The financial promotion restriction within Article 67 of Financial Services and
Markets Act 2000 (Financial Promotion) Order 2005. Set out in section 21 of the
Financial Services and Markets Act 2000 does not apply to this announcement
being a communication required by the AIM Rules and, as such, falling within
Article 67 of Financial Services and Markets Act 2000 (Financial Promotion)
Order 2005.
SovGEM Limited
Proposed acquisition of Hanson Westhouse Holdings Limited
SovGEM Limited ("SovGEM" or the "Company") (AIM: SOV), the emerging market
equity finance house, is pleased to announce the proposed acquisition of Hanson
Westhouse Holdings Limited ("HansonWesthouse"), the holding company of Hanson
Westhouse Limited, a full-service investment bank specialising in small and
mid-cap companies and emerging markets. The shares of the Company will be
suspended from trading on AIM pending the publication of an admission document
in relation to the proposed acquisition, pursuant to the AIM Rules.
Key information
* The Company is intending to enter into a conditional Sale and Purchase Agreement
to acquire the entire issued share capital of HansonWesthouse ("the
Acquisition").
* It is intended that the consideration for the Acquisition will be satisfied by
the allotment to the shareholders of HansonWesthouse ordinary shares in SovGEM
(the "Consideration Shares"). For the purpose of the Acquisition,
HansonWesthouse is valued at GBP3,000,000 (excluding the GBP258,000 proceeds of
a preliminary placing previously undertaken by HansonWesthouse at this
valuation). The number of the Consideration Shares to be issued as consideration
for HansonWesthouse will imply a valuation for SovGEM of
GBP2,710,225 (equivalent to 11.9p per Ordinary Share) which equates to a 20 per
cent. discount to the SovGEM directors' estimate of the Company's average net
asset value over the five business days ending on 5 May 2009.
* The Acquisition will constitute a reverse takeover of the Company under the AIM
Rules and so will require the prior approval of existing shareholders. The
Acquisition will also require and is conditional on a waiver from the Takeover
Panel, which is currently being sought, of the requirement for an offer under
Rule 9 that would otherwise arise on completion of the Acquisition.

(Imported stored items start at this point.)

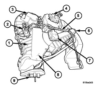 The rear HVAC housing must be removed from the vehicle for service of the mode door actuator, blend door actuator, blower motor and blower motor resistor and, it must be disassembled for service of the A/C evaporator, heater core, mode-air door and blend-air door.
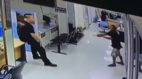 The police officer in this security camera footage provides an exceptional example of how to calm a potentially violent situation.
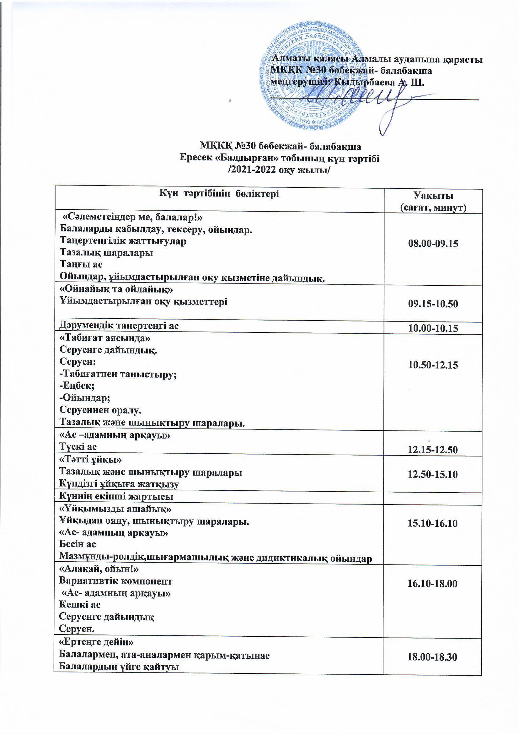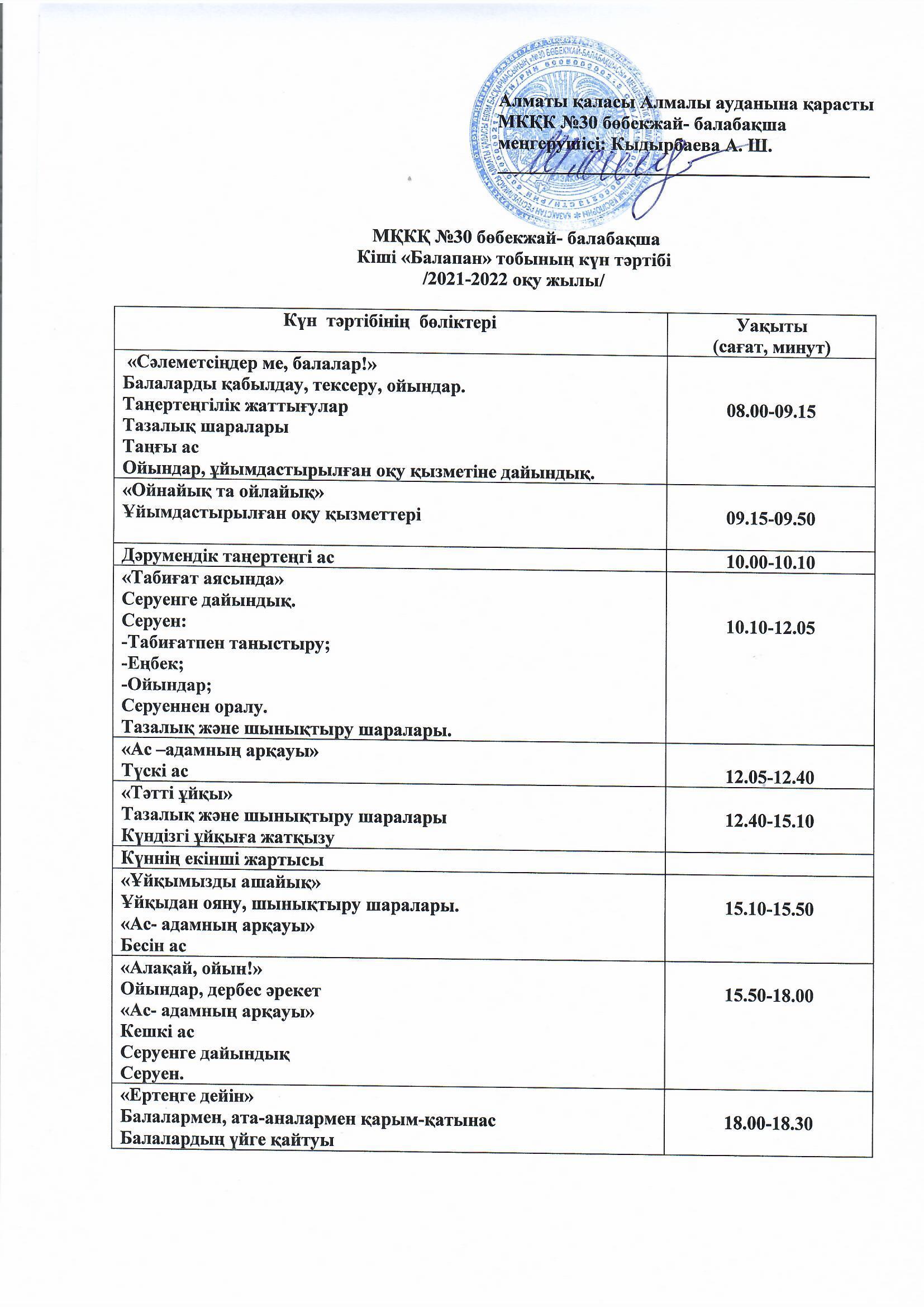 2021-2022 оқу жылы күн тәртібі » КГКП "Ясли сад №30". мемлекеттік балабақшасы

* The Board has concluded that the combination of SovGEM and HansonWesthouse will
be one that will be beneficial for existing shareholders. The Board believes
that the proposals will allow existing shareholders to derive enhanced benefits
from the Company's portfolio and strategy as well as creating the opportunity,
particularly given current market conditions, to expand the corporate and
advisory business of the enlarged group.
* The Board believes that the Enlarged Group will benefit from the skills of
accomplished corporate advisory, broking and research professionals with
considerable experience in the small and mid-cap broking sector. Their expertise
will be complemented by an advisory panel whose members' experience in growing
advisory businesses is well recognised throughout the corporate broking
industry.
* HansonWesthouse raised approximately GBP258,000 through a preliminary placing.

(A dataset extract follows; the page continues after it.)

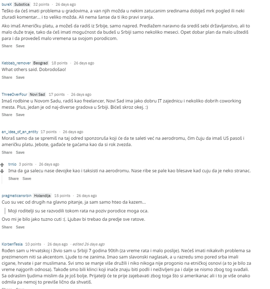 Jedna takva priča podeljena je na sajtu Reddit. Naime, mladić rođen u zajednici Srpkinje i Hrvata, poželeo je da se doseli na duže u Srbiju iz Amerike, a glavni strahovi su mu bili vezani za njegovo prezime i političke stavove.
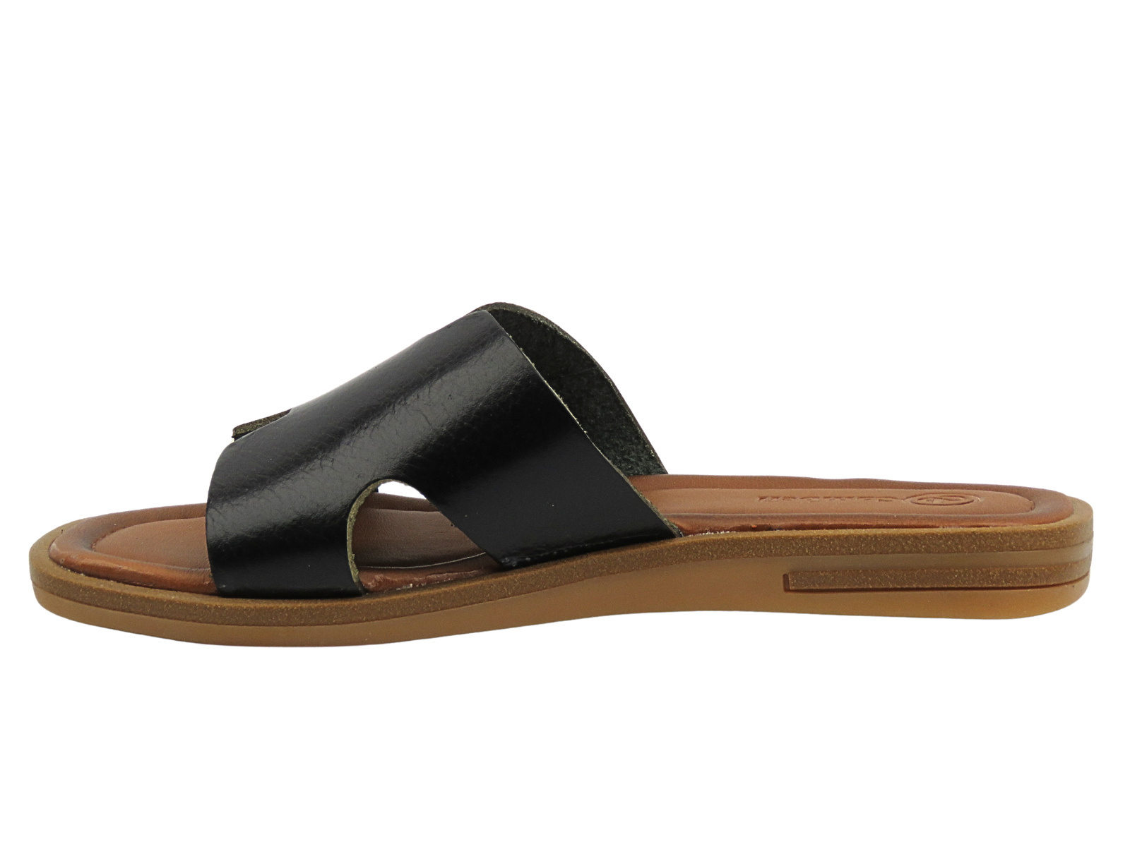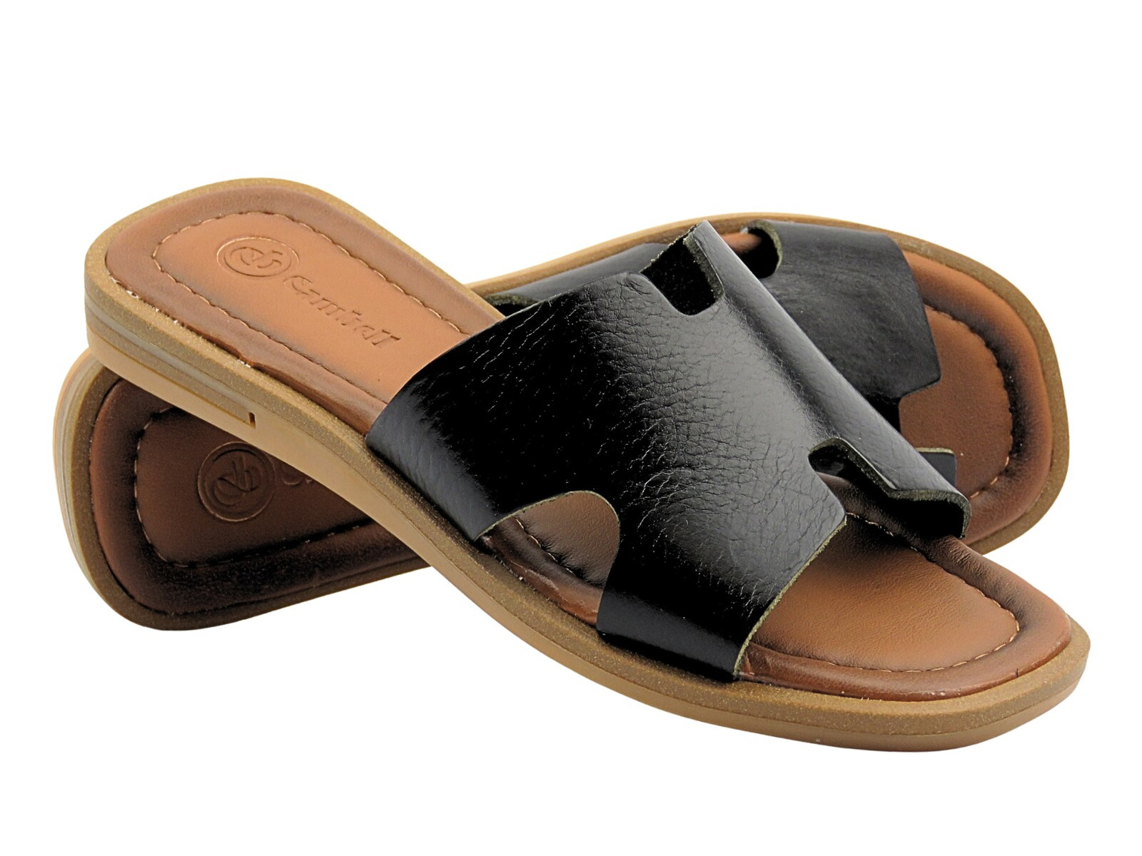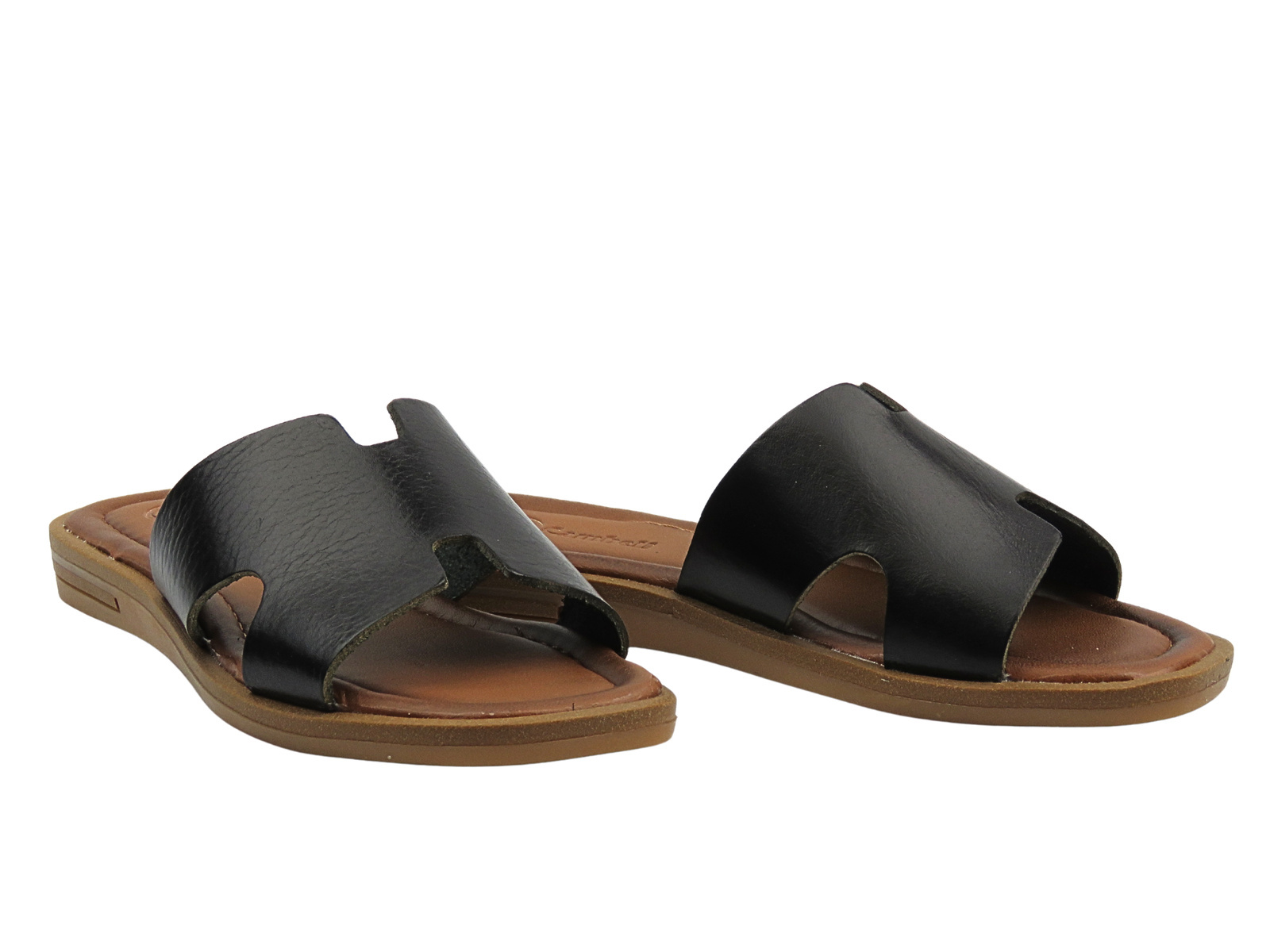 Klapki damskie Cambell, wykonane w całości z naturalnej skóry, zachwycają nie tylko jakością, ale również ponadczasowym designem. Ich szeroka, jednolita cholewka subtelnie okrywa stopę, tworząc harmonijne połączenie elegancji i codziennego komfortu.

In addition, the Company proposes to raise up to a further GBP850,000 through
the placing of new ordinary shares in the Company, to fund the costs of the
transaction and to provide the Enlarged Group with additional working capital
going forward.
Commenting on the proposed acquisition, Garth Milne, Chairman of SovGEM, said:
"The SovGEM board is delighted to be proposing this transaction to our
shareholders. We recognise the market opportunity that the combined group will
have. Our shareholders will gain from exposure to a broader range of revenue
streams and we remain confident that SovGEM's existing investments will continue
to benefit from a market recovery.
Furthermore we recognise the market need for a return to high quality
relationship driven corporate broking and advisory services. The HansonWesthouse
Board coupled with the industry recognised advisory panel believes it is well
placed in the market cycle, with the right sector and geographic offering, to
build a long term successful business on behalf of shareholders."

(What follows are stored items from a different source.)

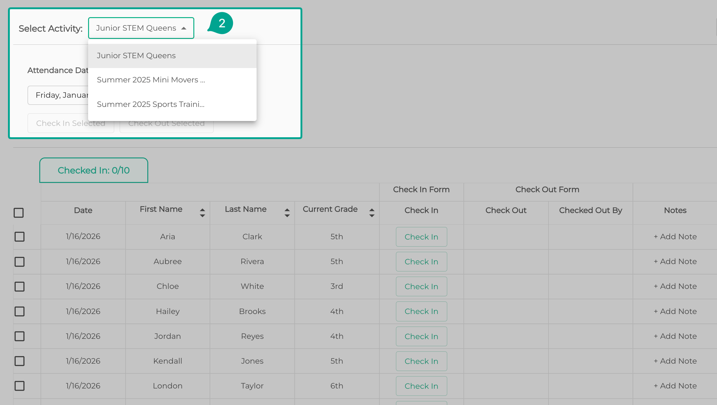 3. Select the activity you are taking attendance for.
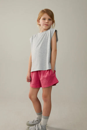 Loose-fitting shorts made from soft organic jersey cotton. Featuring an elasticated waistband (adjustable), side pockets and a patch pocket on the back.
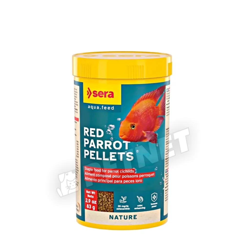 Sera Red Parrot Pellet díszhaleleség – A Sera Red Parrot egy kifejezetten színélénkítő, vízen lebegő granulátumtáplálék, speciálisan papagájsügerek számára kifejlesztve.
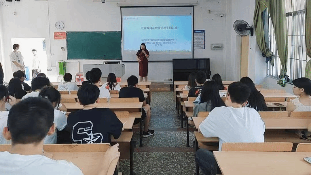 宣讲伊始,罗芳香老师针对职业教育法的相关内容展开宣讲,其中包括:职业教育的体系、职业教育的实施、职业教育的保障以及法律责任等六个方面。其中重点提到了职业教育法对高职学生的法律保障、职业道德和职业法规还提到了“深化产教融合、校企合作”的重要性:强调“融合”就是要成为一体,企业与学校共同投入,共同制定人才方案,共同进行人才培养,达到共建共赢的效果。接下来林松警官则做预防电信诈骗主题宣讲,主要从校园内常见的十种诈骗类型、有奖问答环节等四个方面展开。其中侧重讲述了校园内常见的几种诈骗类型,旨在让同学们能够有效预防身边可能出现的电信网络诈骗现象。
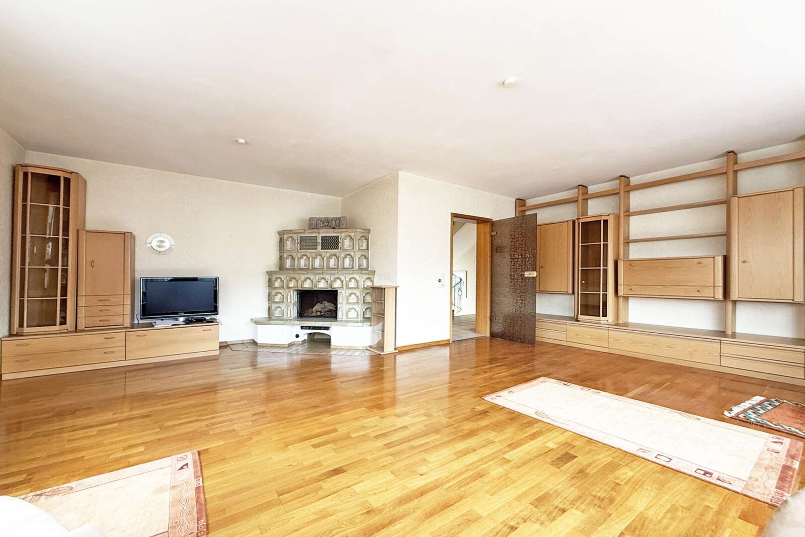 Über eine massive Steintreppe gelangen Sie in das Erdgeschoss, das den zentralen Wohnbereich bildet. Hier erwartet Sie ein großzügiges, lichtdurchflutetes Wohnzimmer mit hochwertigem Echtholzparkett und einem gemütlichen Kachelofen. Von hier aus haben Sie Zugang zum Balkon in Ost-Ausrichtung mit elektrisch gesteuerter Markise und einem weitläufigen Blick über das Ruwertal.

Commenting on the proposed acquisition, William Staple, Chief Executive of
HansonWesthouse, said:
"We believe there is a great and timely opportunity to grow a high quality
relationship-based broking and corporate finance business focusing on small and
medium-sized companies. The combination of HansonWesthouse and SovGEM with, in
particular, our experience in emerging markets, notably China, will create a
well capitalised platform to exploit these opportunities.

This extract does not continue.